> TASK INSTRUCTIONS: Output the first line of the listing and each line after it, up to and including the line that contains "本作品内容为新年喜庆中国龙大好河山建筑插画, 格式为 jpg, 大小6", exactly as written, minus the pictures.

■ ■ ■ ■ ■

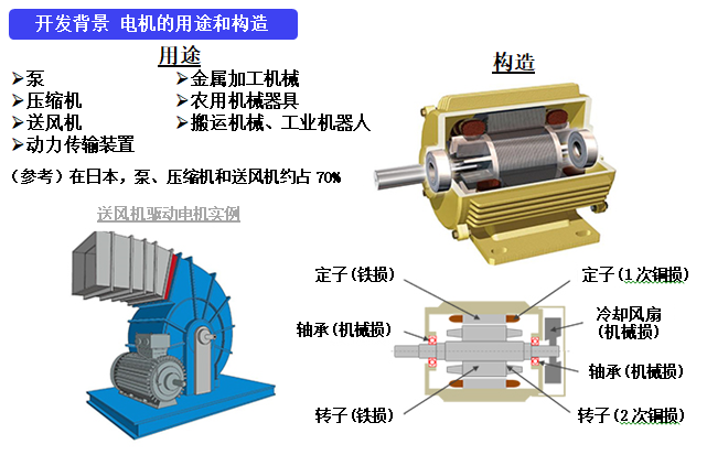 隨著世界范圍內(nèi)環(huán)保意識的提高,所有產(chǎn)業(yè)均在推進(jìn)二氧化碳的減排和電力的節(jié)能。尤其是給泵、送風(fēng)機及壓縮機等機械提供驅(qū)動力的工業(yè)電機,其電力消耗占世界消耗總電量的40%以上。針對這些需求,世界各國均制定了旨在提高工業(yè)電機效能的相關(guān)法規(guī)。
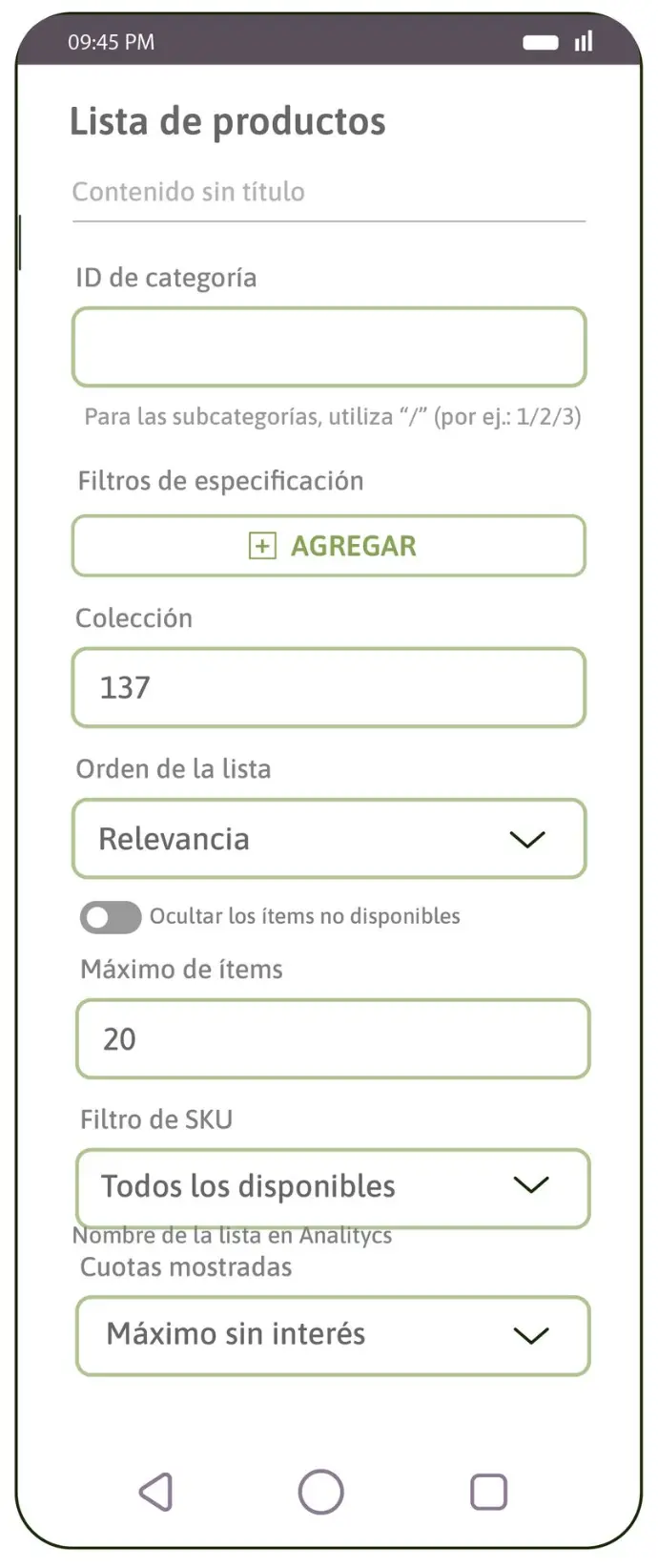 1. Id de Categoria: En este campo el usuario de negocio podrá indicar la categoria completa de productos que quiere que se muestren en el carrusel.
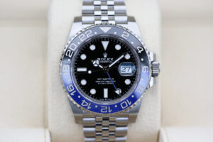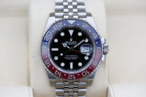 This watch features a stylish black dial and a cerachrom bezel with blue and red ceramic insert, this colour combination is affectionately known in the industry as “The Pepsi”.
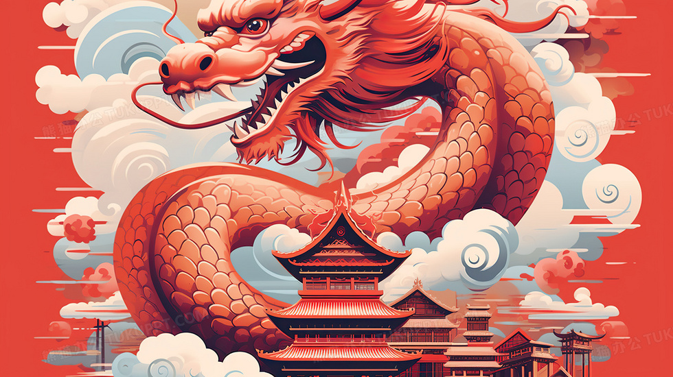 本作品内容为新年喜庆中国龙大好河山建筑插画, 格式为 jpg, 大小6 MB, 图片尺寸为2912 x 1632, 源文件无水印, 欢迎使用熊猫办公。 如认为平台内容涉嫌侵权,可通过邮件:tousu@tukuppt.com提出书面通知,我们将及时处理。
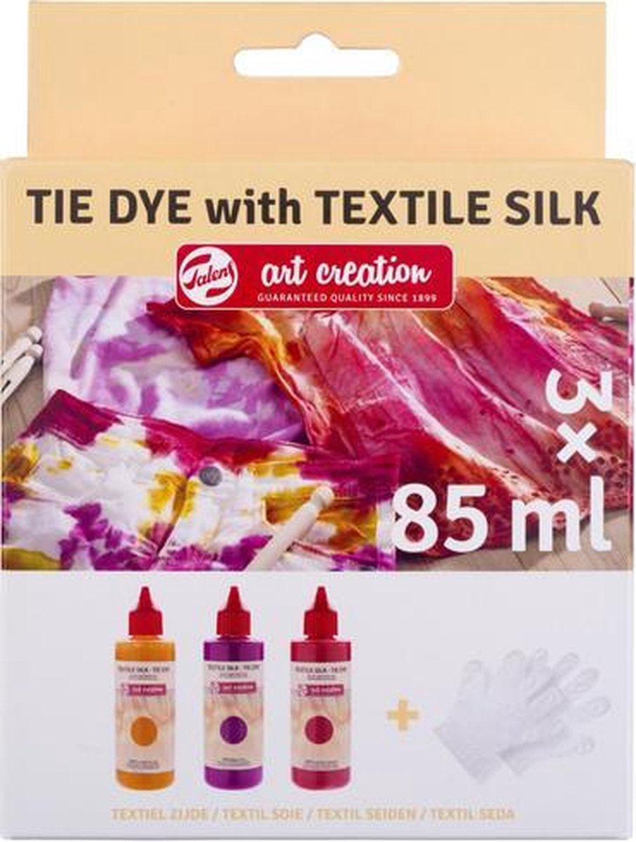 Met Tie Dye kan je jouw kleding aanpassen naar eigen smaak. De Tie Dye set bevat 3 flesjes van 85ml met doseertuit in de kleuren zonnig geel, intens karmijn en moedig roze. De set bevat ook twee handschoenen.
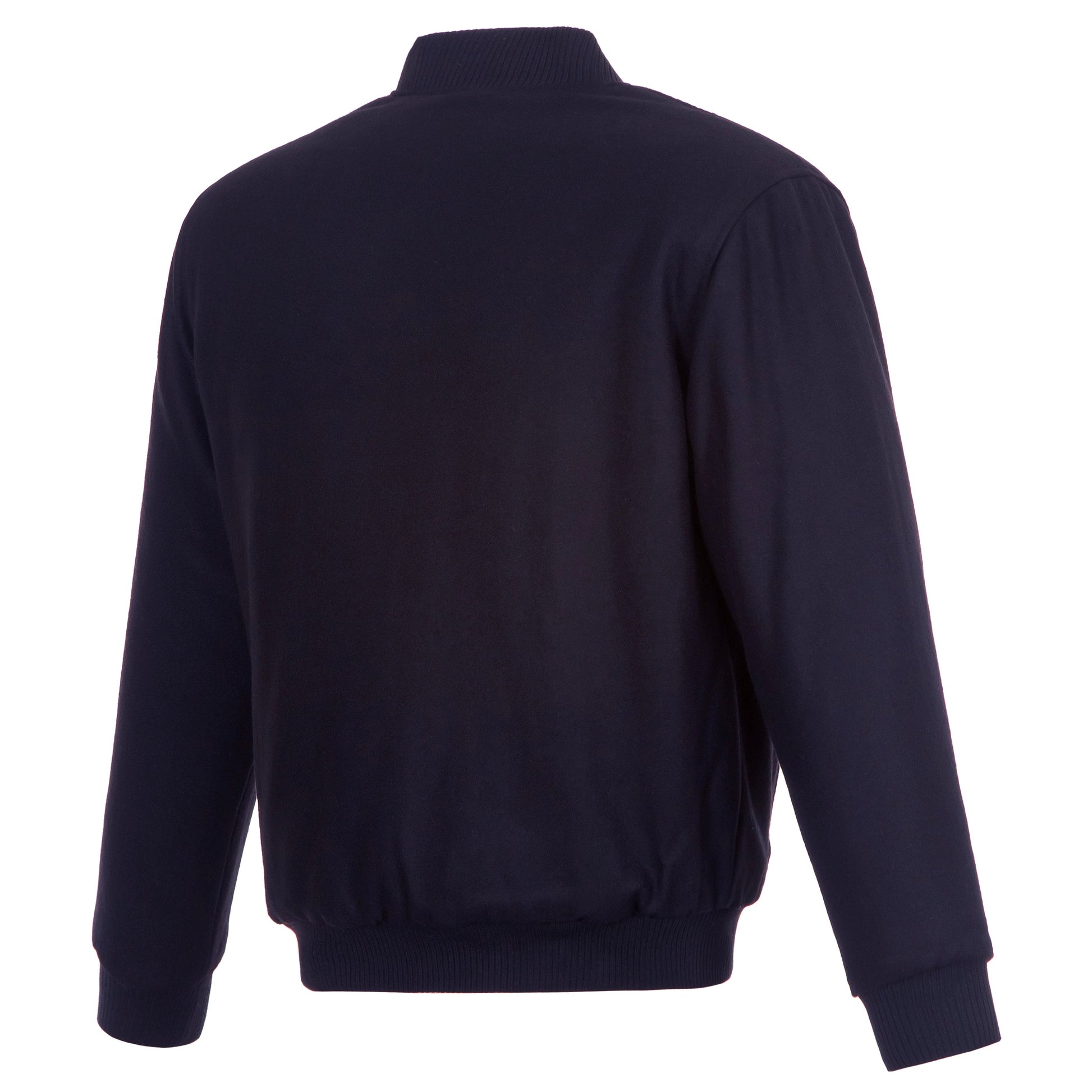 Tampa Bay Rays All Wool Jacket with nylon lining in navy with embroidered logos. Assembled in the USA. 55% wool 45% polyester body. Snap button closure.

■ ■ ■ ■ ■

> SOLUTION TO THE EXERCISE:
 隨著世界范圍內(nèi)環(huán)保意識的提高,所有產(chǎn)業(yè)均在推進(jìn)二氧化碳的減排和電力的節(jié)能。尤其是給泵、送風(fēng)機及壓縮機等機械提供驅(qū)動力的工業(yè)電機,其電力消耗占世界消耗總電量的40%以上。針對這些需求,世界各國均制定了旨在提高工業(yè)電機效能的相關(guān)法規(guī)。
 1. Id de Categoria: En este campo el usuario de negocio podrá indicar la categoria completa de productos que quiere que se muestren en el carrusel.
 This watch features a stylish black dial and a cerachrom bezel with blue and red ceramic insert, this colour combination is affectionately known in the industry as “The Pepsi”.
 本作品内容为新年喜庆中国龙大好河山建筑插画, 格式为 jpg, 大小6 MB, 图片尺寸为2912 x 1632, 源文件无水印, 欢迎使用熊猫办公。 如认为平台内容涉嫌侵权,可通过邮件:tousu@tukuppt.com提出书面通知,我们将及时处理。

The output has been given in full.